I've recently found a beautiful Katahdin ram lamb that I was planning on building a flock of Katahdin and Dorpers around.  I recently got 2 CVM ewe lambs, and I'm thinking of changing my sheep plans.  What happens to the wool if I crossbreed the ram with the CVM ewes?  I'm toying with the idea of keeping 2 small flocks.  One with hair sheep and one with CVMs to help bring that breed back.  Any thoughts?
Thanks, Sonja


----------



## Roving Jacobs (Apr 9, 2013)

CVMs have such awesome fine wool I can't imagine breeding them with a hair sheep. You will lose fleece quality very rapidly. I would keep finewools and hair sheep separate unless you really just want to sell for meat. Registered CVM/romeldales sell for a heck of a lot more than the per pound price of lambs.


----------



## BrownSheep (Apr 9, 2013)

The hair wool cross breds I've seen partially shed in some cases or not at all in others.. I can tell you that it's very easy to trim the crosses. It posses little to no lanolin and the wool cuts very easily.

You would probably loose most of the wool quality from the CVMs.

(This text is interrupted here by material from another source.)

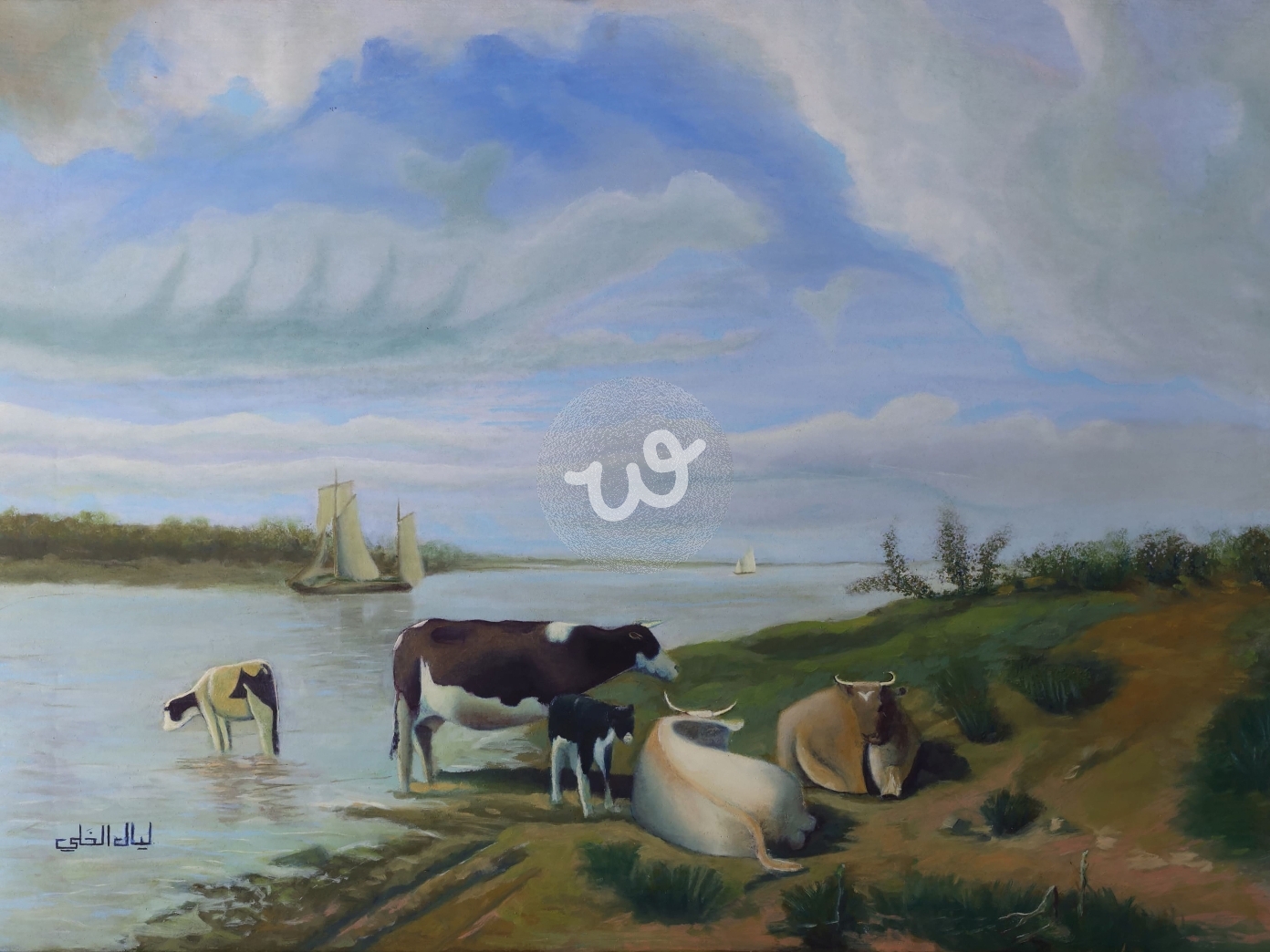 لوحه تحكي جمال الريف بظهور الابقار وتجمعها على ضفاف النهر واسترخاء المشاهد بجمال الطبيعة.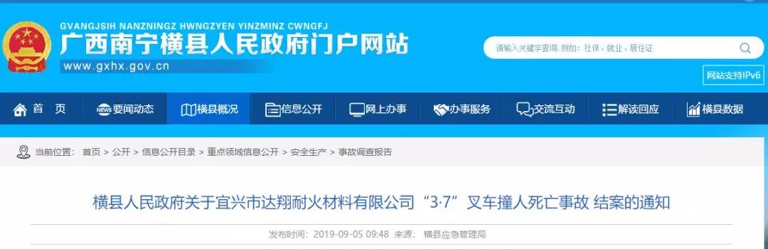 根據(jù)國務(wù)院《生產(chǎn)安全事故報(bào)告和調(diào)查處理?xiàng)l例》的規(guī)定和縣人民政府的授權(quán),縣應(yīng)急管理局牽頭成立了由縣公安局、人力資源和社會(huì)保障局、總工會(huì)等部門共同組成宜興市達(dá)翔耐火材料有限公司“3·7”叉車撞人死亡事故調(diào)查組,同時(shí)邀請(qǐng)縣監(jiān)察委派員參加事故調(diào)查。經(jīng)事故調(diào)查組調(diào)查取證,查明了事故發(fā)生的經(jīng)過和原因,分清了事故責(zé)任,并對(duì)事故相關(guān)單位及其相關(guān)責(zé)任人提出了處理建議和防范措施,形成了事故調(diào)查報(bào)告,并經(jīng)第十七屆橫縣人民政府第86次常務(wù)會(huì)議審議通過?,F(xiàn)將事故結(jié)案的有關(guān)事項(xiàng)通知如下:

I love the look of the CVMs. Goodluck with them!


----------



## mylilchix (Apr 10, 2013)

Thank you for the advice.  I'm going to contact the CVM breeder today to see if I can get a ram lamb and possibly another ewe lamb.  I love the look of our girls.  Th breeder also sent us home with a bunch of wool to start working with.


----------